Suit Filed in Alaska Air Mishap
Attorney
By James Wallace
P-I Aerospace Reporter
A New York law firm that specializes in aviation cases will file suit in Los Angeles today on behalf of six passengers on an Alaska Airlines jet that lost cabin pressure when a foot-long hole was ripped in the fuselage at 26,000 feet, an attorney with the firm said.
“I was terrified. We thought we were going to die,” said Mark Reveley, 32, who was on the plane and is one of the passengers in the suit.
Reveley now lives in the Los Angeles area, but he grew up in Seattle. He had been visiting his family in Seattle over Christmas and was returning home when the incident occurred Dec. 26.
Alaska Airlines and Menzies Aviation, the company that performs baggage handling and other ramp operations for Alaska, are named as defendants.
The plane was hit by a baggage cart operated by a Menzies worker while the jet was parked at Sea-Tac Airport.
The damage to the fuselage — which was not immediately reported by the worker to Alaska or Menzies officials — was serious enough that it apparently resulted in a hole in the fuselage after the plane took off a short while later.
The MD-80 was flying from Seattle to Burbank, Calif., when it lost cabin pressure and had to make an emergency dive from about 26,000 feet. It returned to Seattle and landed safely.
The suit will be filed in Los Angeles Superior Court, said James Kreindler of Kreindler & Kreindler.
Five of the passengers who are suing are Swedish natives. One is Reveley’s girlfriend, who was seated next to him.
The defendants “continue to suffer physical pain, emotional stress, loss of enjoyable life and other permanent compensable injuries all with resulting damages,” according to the lawsuit, a copy of which was provided to the Seattle P-I. It claims that Alaska Airlines and Menzies Aviation were negligent.

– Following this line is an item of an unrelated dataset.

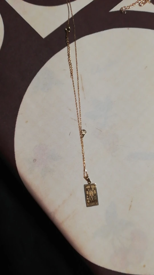 Отлично. Выглядит как настоящее золото и цепочка. Обе стороны также являются «гравировкой» из нержавеющей стали.

“Among other things, the Alaska defendants knew, or should have known, that the Menzies defendants were not carefully and safely handling their aviation ground support and services responsibilities yet continued to hire and pay Menzies to perform those services,” the suit says.
Alaska hired Menzies Aviation after firing nearly 500 unionized baggage handlers in May.
Menzies is now conducting a 90-day review of its Alaska operations at Sea-Tac with the help of its safety people from around the world.
Neither Alaska nor Menzies would comment on the lawsuit Thursday, because it had not yet been filed.
This is not the first time Kreindler has tangled with Alaska Airlines. The firm represented the families of several passengers who were killed when Alaska Flight 261 crashed into the Pacific off the California coast in January 2000. All 88 aboard died.
A few years ago, Kreindler won a case similar to the incident on the Alaska jet that lost cabin pressure. That case involved an American Airlines jet that experienced about 30 seconds of severe turbulence on a flight over Minnesota in 1995. A jury awarded 13 passengers a total of $2.22 million. Among the passengers who sued was Nancy Spielberg, the sister of filmmaker Steven Spielberg.